In order to ensure the feasibility of creating a large-scale collaboration network, it would be necessary to promote the incentives for reaching out to the poor. Collecting data for someone with fewer resources may seem like charity. However, I argue that it is a win-win situation. Receivers are likely to reciprocate. If they cannot collect a large amount of data for you, perhaps they can help you in other ways. For example, they could provide advice on a project with which you got stuck and which you had abandoned years ago; they could score that data that you never got around to having a look at; or simply discuss new ideas, which could give you a fresh insight into your topic. If they collect even a small amount of data, this could improve a dataset. In the case of international collaborations, you would be able to recruit a culturally diverse sample. This would ensure that our view of psychological processes is generalisable beyond a specific population (Henrich, Heine, & Norenzayan, 2010).

There are numerous ways in which researchers can reach out to each other. Perhaps one could create an online platform for this purpose. Here, anyone can write an entry for their study, which can be at any stage: it could be just an idea, or a quasi-finished project which just needs some additional analyses or tweaks before publication.

Anyone can browse a list of proposed projects by topic, and contact the author if they find something interesting. The two researchers can then discuss further arrangements: whether together, they can execute this project, whether the input of the latter will be sufficient for co-authorship, or whether the former will be able to reciprocate by helping out with another project.

Similarly, if someone is conducting a large-scale study, and if they have time to spare in the experimental sessions, they could announce this in a complementary forum. They would provide a brief description of their participants, and offer to attach another task or two for anyone interested in studying this population.

To reach a wider audience, we could rely on social media. Perhaps a hashtag could be used on twitter. Perhaps #LOOC (“LOOking for Collaborator”)**? One could tweet: “Testing 100 children, 6-10 yo. Could include another task up to 15 minutes. #LOOC”. Or: “Need more participants for a study on statistical learning and dyslexia. #LOOC”, and attach a screen shot or link with more information.  

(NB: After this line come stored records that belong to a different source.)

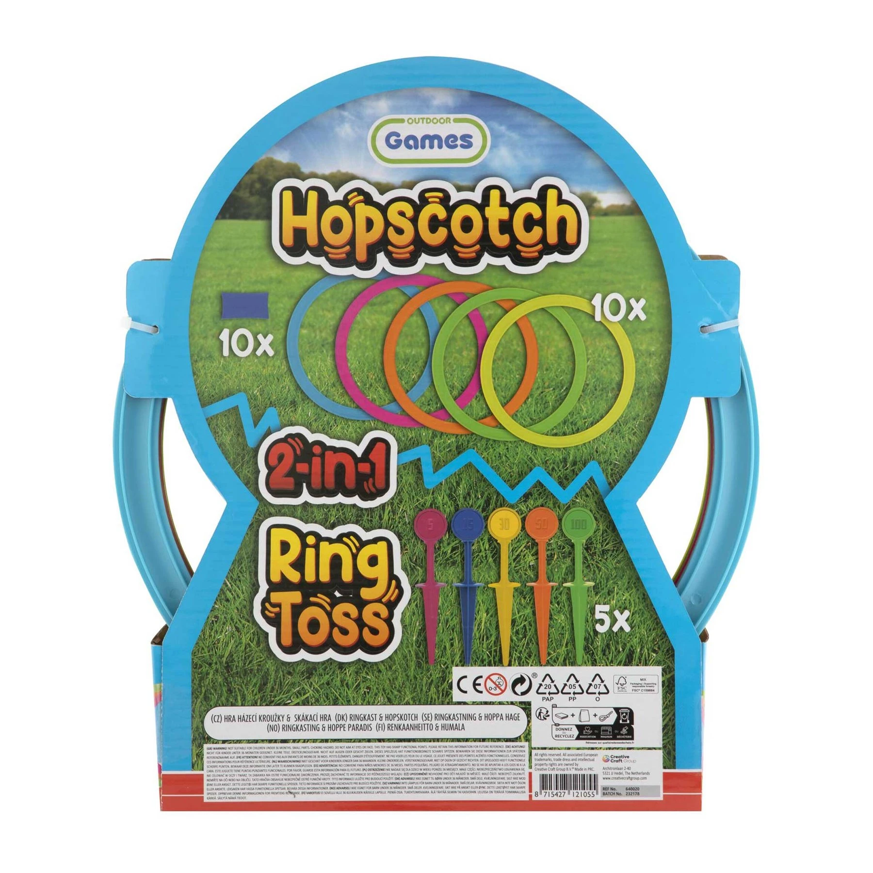 Играта съдържа: 5 пинчета, 10 обръча и 10 лепенки за закрепяване на обръчите.
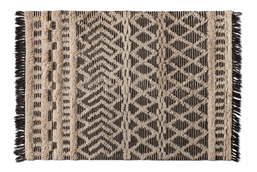 Bolster the interior of your home with the astonishing design of the Sora rug. Handwoven in India, this rug is comprised of wool. A stunning geometric design adorns the Sora with eye-catching visuals that complement modern interiors. The masterful blend of ivory and charcoal colored threads create rich texture, while fringe on the ends adds contemporary elegance. With its stunning, dynamic design, the Sora rug is sure to leave an impression.
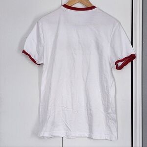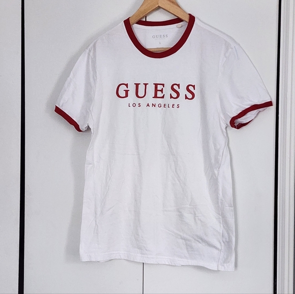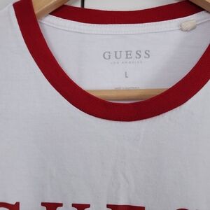 Stylish GUESS tee with red trim. Comfortable and versatile. Perfect for casual wear.
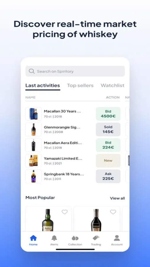 Spiritory is the fastest and safest way to discover, buy, and sell whisky, rum, cognac, wine, champagne, and other liquors. We even have the newest releases and limited editions of whiskies available including new Macallan, Springbank and Ardbeg. Using the Spiritory App, you can buy and sell in seconds - anywhere, anytime.
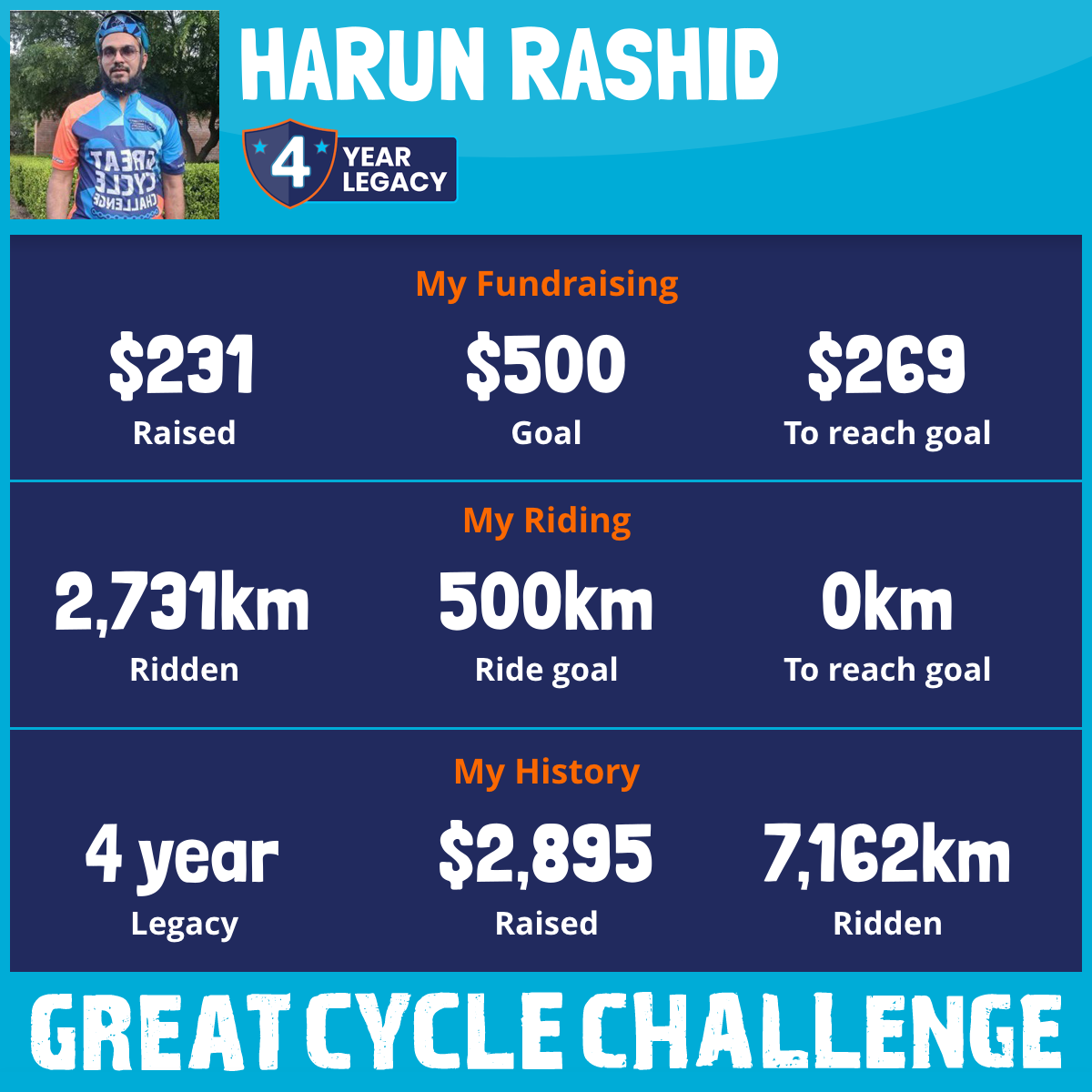 2,731 km Ridden$231 Raised2025
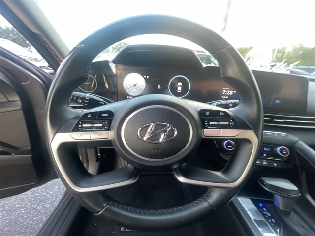 Recent Arrival!CERTIFIED BY CARFAX - ONE OWNER, REMAINDER OF FACTORY WARRANTY STILL APPLIES, BACKUP CAMERA, BLUETOOTH HANDS FREE, ANDROID AUTO, APPLE CARPLAY, LOCAL TRADE IN, CRUISE CONTROL, NON SMOKER, Elantra SEL, 4D Sedan, I4, CVT, FWD, Electric Shadow, Black Cloth, ABS brakes, Electronic Stability Control, Front dual zone A/C, Fully automatic headlights, Low tire pressure warning, Steering wheel mounted audio controls, 16" x 6.5J Alloy Wheels, 2nd Row USB Charge Port, 4-Wheel Disc Brakes, 6 Speakers, Air Conditioning, Alloy wheels, AM/FM radio: SiriusXM, Apple CarPlay & Android Auto, Auto High-beam Headlights, Automatic temperature control, Brake assist, Bumpers: body-color, Cargo Net, Carpeted Floor Mats, Cloth Seat Trim, Convenience Package, Delay-off headlights, Driver door bin, Driver vanity mirror, Dual front impact airbags, Dual front side impact airbags, Electronic Parking Brake, Exterior Parking Camera Rear, Forward Collision Avoidance Assist, Front anti-roll bar, Front Bucket Seats, Front Center Armrest, Front reading lights, Front wheel independent suspension, Full 10.25" LCD TFT Cluster, Heated Front Seats, Heated Outside Mirrors, Illuminated entry, Leather-Wrapped Steering Wheel, LED Interior Lights, Mudguards, Occupant sensing airbag, Option Group 02, Outside temperature display, Overhead airbag, Overhead console, Panic alarm, Passenger door bin, Passenger vanity mirror, Power door mirrors, Power steering, Power windows, Radio: AM/FM/HD/SiriusXM Audio System, Radio: AM/FM/HD/SiriusXM Display Audio, Rear Bumper Applique, Rear window defroster, Remote keyless entry, Security system, Smart Cruise Control w/Stop & Go, Speed control, Speed-sensing steering, Tachometer, Telescoping steering wheel, Tilt steering wheel, Traction control, Trip computer, Variably intermittent wipers, Wheels: 17" x 7.0J Machine Finish Alloy, Wireless Charging Pad, Elantra SEL, 4D Sedan, I4, CVT, FWD, Electric Shadow, Black Cloth, ABS brakes, Electronic Stability Control, Front dual zone A/C, Fully automatic headlights, Low tire pressure warning, Steering wheel mounted audio controls.CALL FOR AVAILABILITY AND EXTRA OPTIONS ARLINGTON TOYOTA 904-721-3000.
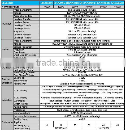 GP-inverter 5KW LED Display Combined Inverter Charger Pure Sine Form 24V/48V

In summary, increasing sample sizes would break one of the three pillars of the replication crisis: large studies are more informative than underpowered studies, as they lead to less noisy and more precise effect size estimates. This can be achieved through collaboration, though only if researchers with resources are prepared to take on some amount of additional work by offering to help others out. While this may be perceived as a sacrifice, in the long run it should be beneficial for all parties. It will both become easier to diversify one’s sample, and help researchers who study small, specific populations (e.g., a rare disorder), to collaborate with others to recruit enough participants to draw meaningful conclusions. It will provide a possibility to connect with researchers from all over the world with similar interests and possibly complementary expertise. And in addition, it will lead to an average increase in sample sizes, and reported effects which can be replicated across labs.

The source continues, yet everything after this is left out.